# when to start walking puppy?



## jillybean

I've been reading through a heap of posts and other bits of info on the web where people have suggested that it's not safe to walk your puppy in areas where other dogs may be at the risk of them catching something. 
My puppy is currently 8 weeks old and so far I've been taking her to places where I haven't seen dogs around, but I'd like to take her for more walks. There's a park near my house but there's always alot of dogs around there. She's had her 6 week vaccination and will have her next one at 12 weeks. Should I wait till she's had all her vaccinations or is it okay to take her now?
Thanks!


----------



## briteday

I feel that it's best not to go in places where other dogs have been or are now until the full series of shots (plus two weeks) has been completed. All dogs have a different immune sstem. Some are able to create antibodies (protection) after the first set of shots. But many do not have a mature enough system until after the last set of shots. No telling about a particular dog so that's why there is a protocol to do the shots repeatedly over time. 

That being said, you don't know if other people's dogs have been vaccinated or what type of care they receive. Puppies are already prone to acquiring parasites like worms and viral infections like parvo. Think of it as a newborn infant. I wouldn't walk out of the hospital with a new baby and go in to shop at Walmart on the way home. Just not safe.

For my own dogs, I generally only take them out in our yard until the shots are completed. We work on things like proper leash walking, sit, stay, come, and lots of playing.


----------



## Durbkat

Yep, its a bummer you can't go very many places with your new dog, it was the same way with me, we just stayed inside and played but he spent more time asleep than awake so it wasn't that big of a deal. If you have treadmill you can let the dog walk or run on that if he has alot of energy.


----------



## jillybean

Durbkat said:


> If you have treadmill you can let the dog walk or run on that if he has alot of energy.

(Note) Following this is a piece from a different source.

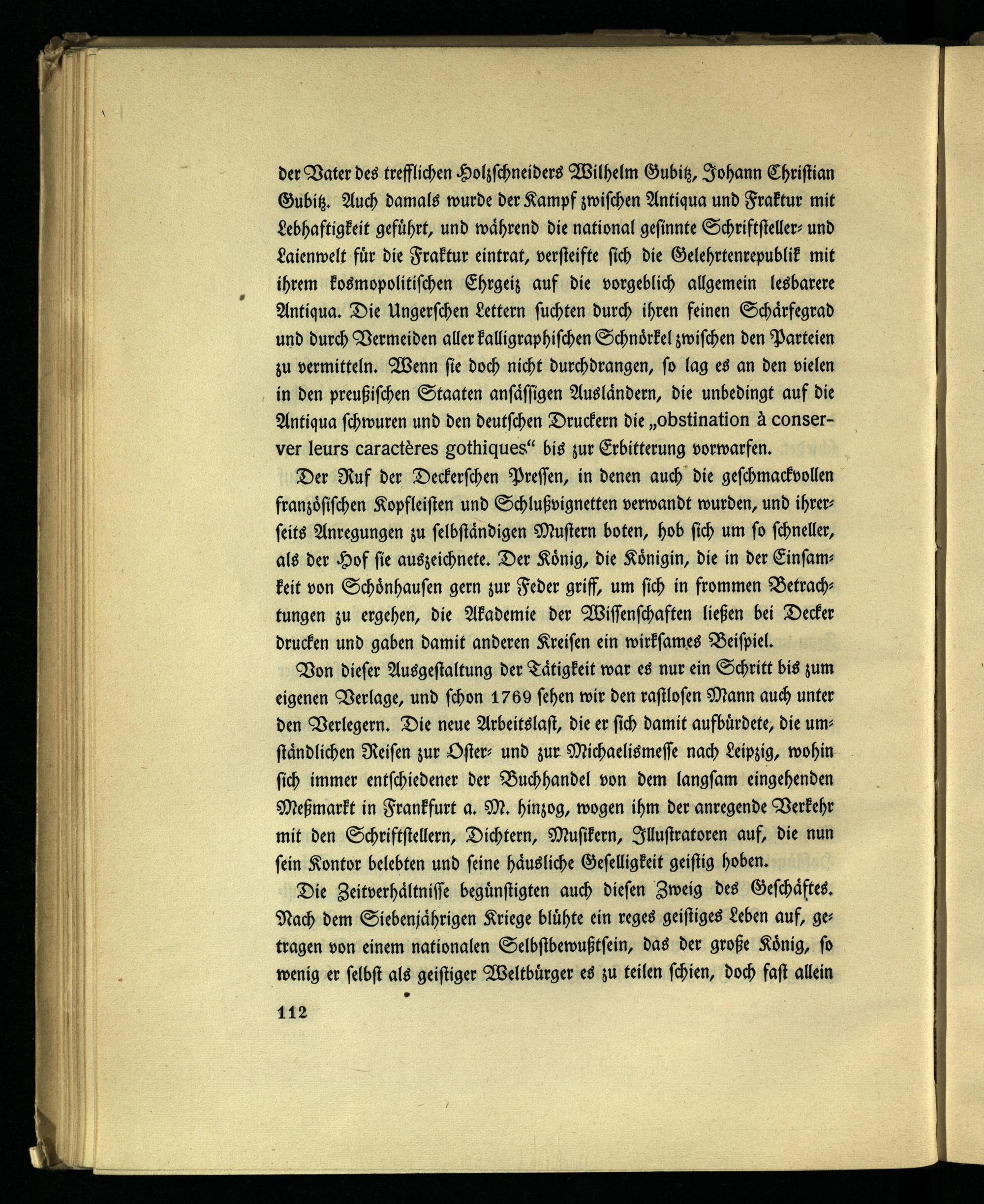 Der Ruf der Deckerschen Pressen, in denen auch die geschmackvollen französischen Kopfleisten und Schlußvignetten verwandt wurden, und ihrerseits Anregungen zu selbständigen Mustern boten, hob sich um so schneller, als der Hof sie auszeichnete. Der König, die Königin, die in der Einsamkeit von Schönhausen gern zur Feder griff, um sich in frommen Betrachtungen zu ergehen, die Akademie der Wissenschaften ließen bei Decker drucken und gaben damit anderen Kreisen ein wirksames Beispiel.

HAHAH that just put the funniest image in my mind. Unfortunately I don't know she'd grasp the concept that she has to keep running or she'll get thrown off, and likely she'd be worried about the noise. 
I guess i'll just keep "walking" her around the backyard...


----------



## TooneyDogs

Sometimes there are puppy kindergarten classes available where all the pups have their shots. In our area the classes are designed for pups 7-14 weeks of age which are critical weeks for training. Classes cover potty training, nutrition, health, grooming, toys, basic commands, socialization, the fear periods and much more.


----------



## jillybean

TooneyDogs said:


> Sometimes there are puppy kindergarten classes available where all the pups have their shots. In our area the classes are designed for pups 7-14 weeks of age which are critical weeks for training. Classes cover potty training, nutrition, health, grooming, toys, basic commands, socialization, the fear periods and much more.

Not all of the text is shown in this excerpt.